→ ACTIVITY
Exactly the lines below from the line with "그래서 지금도 계속해서" through the line with "Нажмите на текст." must make up the answer, both ends included and pictures left out.

→ EXCERPTED RECORDS
((
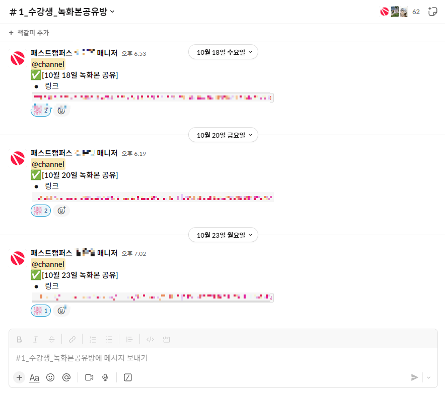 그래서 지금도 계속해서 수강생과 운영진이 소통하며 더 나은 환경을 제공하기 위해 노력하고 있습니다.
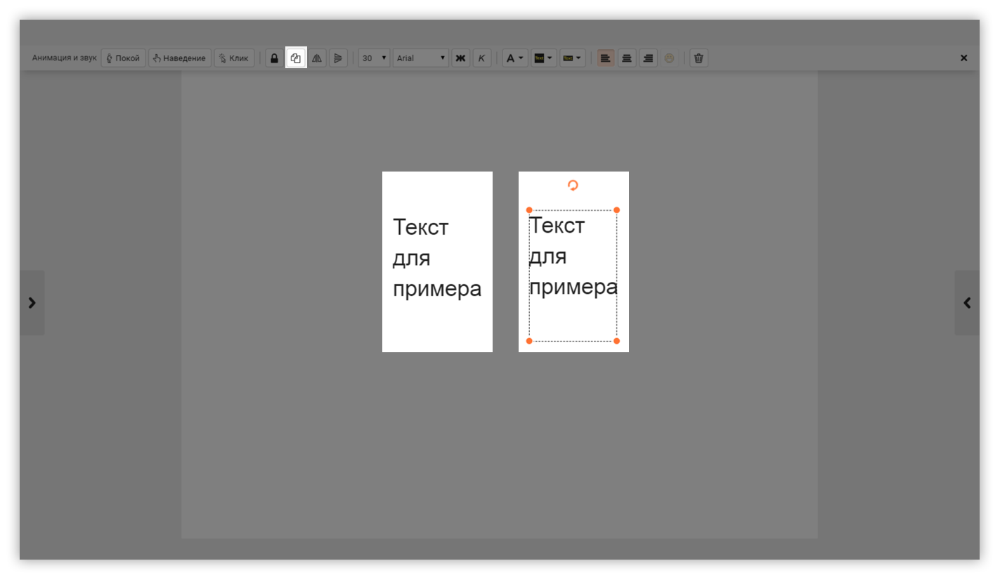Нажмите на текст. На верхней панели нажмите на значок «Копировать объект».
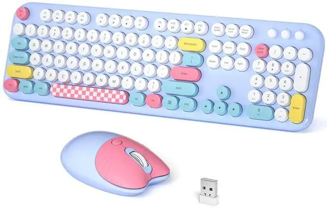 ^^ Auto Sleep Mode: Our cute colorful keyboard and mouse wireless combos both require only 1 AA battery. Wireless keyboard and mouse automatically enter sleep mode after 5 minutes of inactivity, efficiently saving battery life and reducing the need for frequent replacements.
))
((
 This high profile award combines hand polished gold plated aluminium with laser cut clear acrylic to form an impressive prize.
))
((
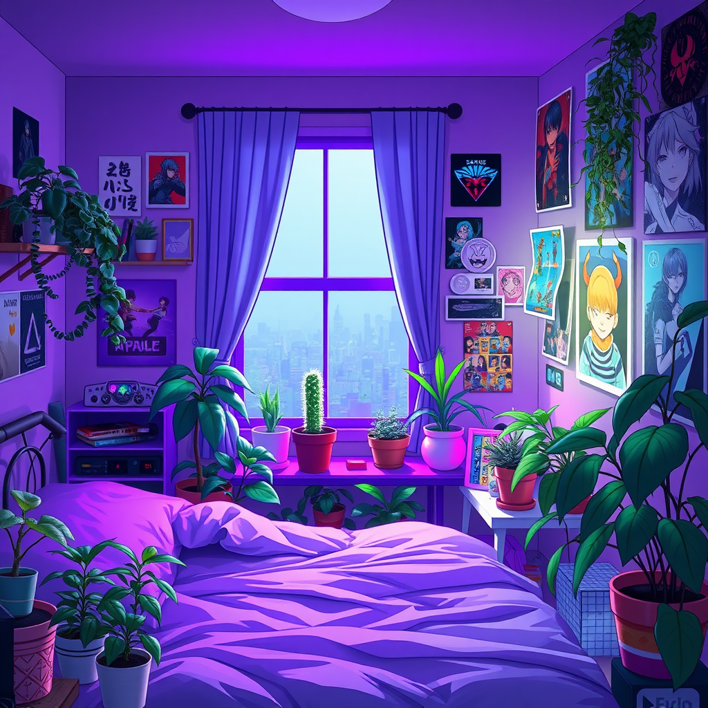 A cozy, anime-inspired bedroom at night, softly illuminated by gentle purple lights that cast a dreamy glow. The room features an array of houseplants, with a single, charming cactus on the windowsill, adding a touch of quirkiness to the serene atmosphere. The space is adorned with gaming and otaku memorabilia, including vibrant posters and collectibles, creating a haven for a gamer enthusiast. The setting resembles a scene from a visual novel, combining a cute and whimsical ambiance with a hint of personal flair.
))
→ ANSWER BOX
 그래서 지금도 계속해서 수강생과 운영진이 소통하며 더 나은 환경을 제공하기 위해 노력하고 있습니다.
Нажмите на текст. На верхней панели нажмите на значок «Копировать объект».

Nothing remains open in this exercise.